• Supplied records

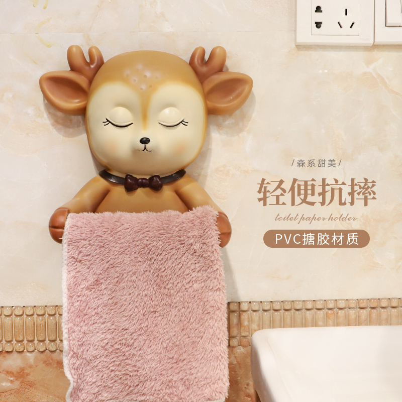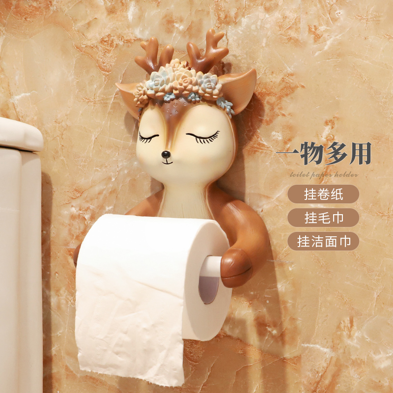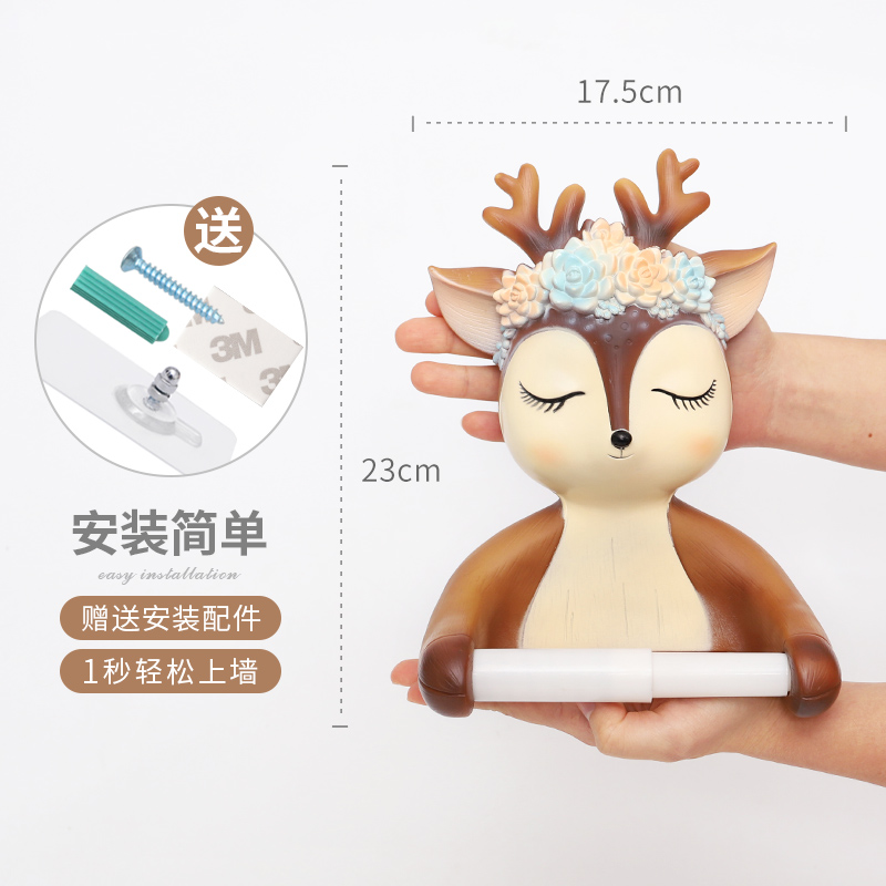 Cartoon Animal Makeup Room Paper Towel Box Creative Plum Blossom Deer Vari Rolls Paper Cylinder Toilet Free of perforated shelves wall-mounted
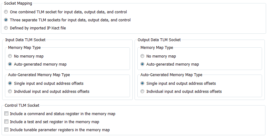 Three separate TLM sockets for input data, output data, and control — Selecting this option displays separate memory map parameters for the three sockets. See Memory Map Configuration.
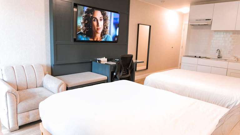 Die klimatisierten Zimmer sind ausgestattet mit einem Schreibtisch, einer Kaffeemaschine, einem Kühlschrank, einer Mikrowelle, einem Safe, einem Flachbild-TV, einem Balkon und einem eigenen Badezimmer mit einer Dusche. Ausgewählte Zimmer verfügen zusätzlich über eine Küche mit einer Herdplatte und einem Toaster.
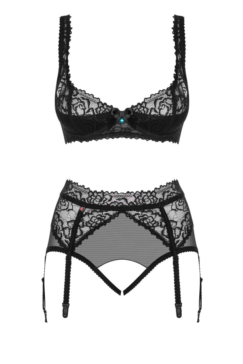 Эротический комплект белья состоит из бюстгальтера и трусиков-пояса с подвязками, выполнен из эластичной сеточки в сочетании с кружевом. Бюстгальтер на косточках. Бретели и подвязки регулируются по длине. В комплекте: бюстгальтер и трусики-пояс. Чулки в комплект не входят!
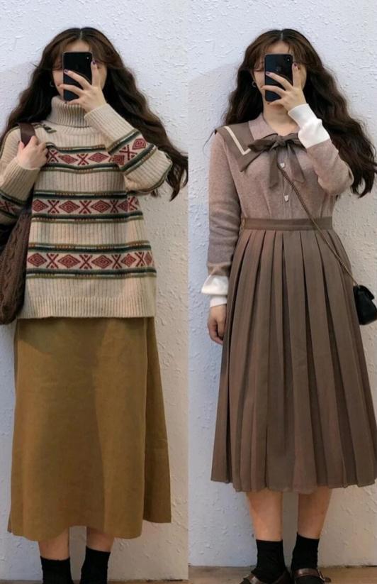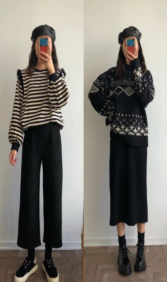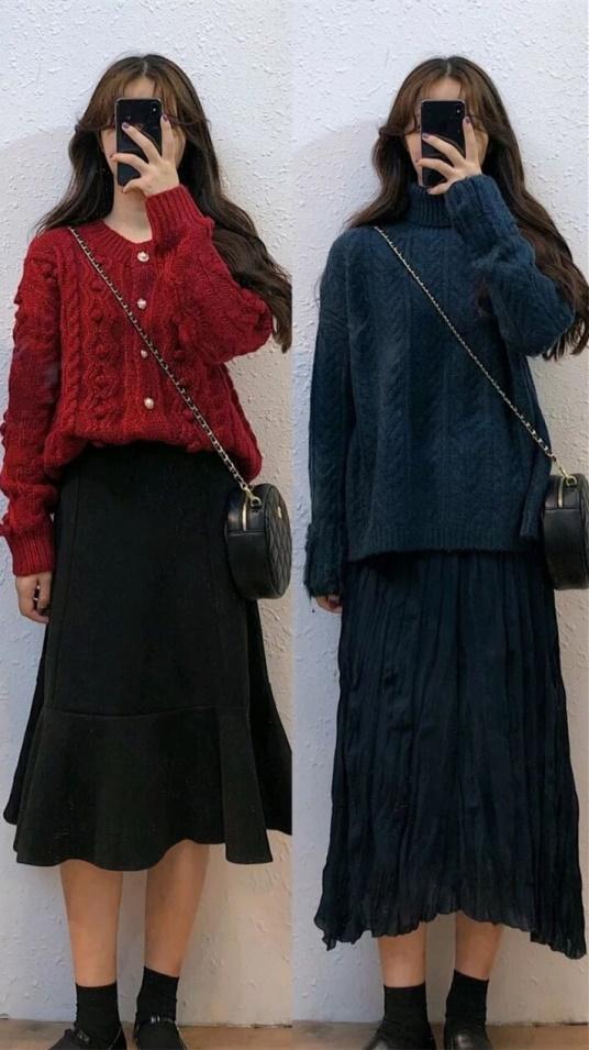 当然半身裙也不只有一种款式,一种颜色,秋冬季黑色,深棕色,咖啡色也可尝试。上衣搭配韩版条纹毛衣也是一个不错的搭配,宽松又优雅。若搭配同色系的翻领针织衬衫,学院风十足,穿上就是妥妥的的校园女神,帅气男生追着你要联系方式哦!
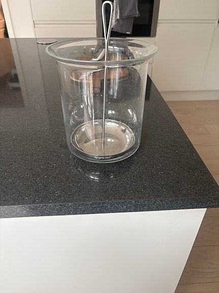Nespresso Vertuo kaffemaskin med glasskanne og kopper

• Task statement
Print the entire listing precisely as written, omitting the images it holds.

• Task answer
 Cartoon Animal Makeup Room Paper Towel Box Creative Plum Blossom Deer Vari Rolls Paper Cylinder Toilet Free of perforated shelves wall-mounted
 Three separate TLM sockets for input data, output data, and control — Selecting this option displays separate memory map parameters for the three sockets. See Memory Map Configuration.
 Die klimatisierten Zimmer sind ausgestattet mit einem Schreibtisch, einer Kaffeemaschine, einem Kühlschrank, einer Mikrowelle, einem Safe, einem Flachbild-TV, einem Balkon und einem eigenen Badezimmer mit einer Dusche. Ausgewählte Zimmer verfügen zusätzlich über eine Küche mit einer Herdplatte und einem Toaster.
 Эротический комплект белья состоит из бюстгальтера и трусиков-пояса с подвязками, выполнен из эластичной сеточки в сочетании с кружевом. Бюстгальтер на косточках. Бретели и подвязки регулируются по длине. В комплекте: бюстгальтер и трусики-пояс. Чулки в комплект не входят!
 当然半身裙也不只有一种款式,一种颜色,秋冬季黑色,深棕色,咖啡色也可尝试。上衣搭配韩版条纹毛衣也是一个不错的搭配,宽松又优雅。若搭配同色系的翻领针织衬衫,学院风十足,穿上就是妥妥的的校园女神,帅气男生追着你要联系方式哦!
Nespresso Vertuo kaffemaskin med glasskanne og kopper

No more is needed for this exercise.